The sky is the limit as to how contract salvage can be utilized by private/commercial entities, but underlying those activities classified as contract salvage is the question of the level of government supervision and regulation required. Surely, any space activities that involve contract salvage will implicate national security, which means Article VI of the Outer Space Treaty will be at the forefront. Hence, it is for the lawyers and political bodies to accept the realities of international legal obligations with regards to private/commercial space activities and focus on developing a regulatory and licensing regime in a manner that doesn’t discourage future activities, but instead addresses the realities those activities will entail.18
Like Harry Broderick, those of us in the space community have a dream, and that dream is to see private/commercial space open up outer space for development. Salvage 1 served to entertain and fill a gap for a generation that just witnessed humankind landing on the Moon and awaiting next phase of space activities. Yet, the premise of a television show holds seeds of reality within the fiction it espouses, and separating the chaff of fiction and applying the legal realities of international law to those seeds can mature them into the fruit of private/commercial space activities.

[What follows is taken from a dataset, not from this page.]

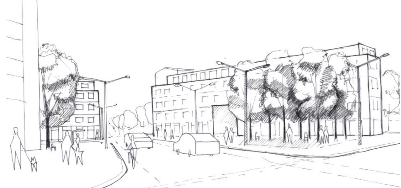
NÁMĚSTÍ ŠTĚPNICKÉ Nové navrhované polyfunkční domy s aktivním parterem pomáhají dovolit plochu náměstí. Vzniká městský prostor, který je pomyslnou branou do sídliště Mojžíš, a je veřejným prostranstvím městského charakteru, které Štěpnicí chytlo.

However, the pull of fiction is strong in the sense that we willfully disregard actualities because the fiction is more appealing. This holds true for the concept of salvage in outer space and puts us at a juncture: do we hold onto the fiction espoused by entertainment, or do we face the realities and create a legal concept that harmonizes with international legal obligations? Therein lies the challenge, like most other aspects of private/commercial space, in that we must be willing to separate fiction and deal with the reality to reach the dream we have.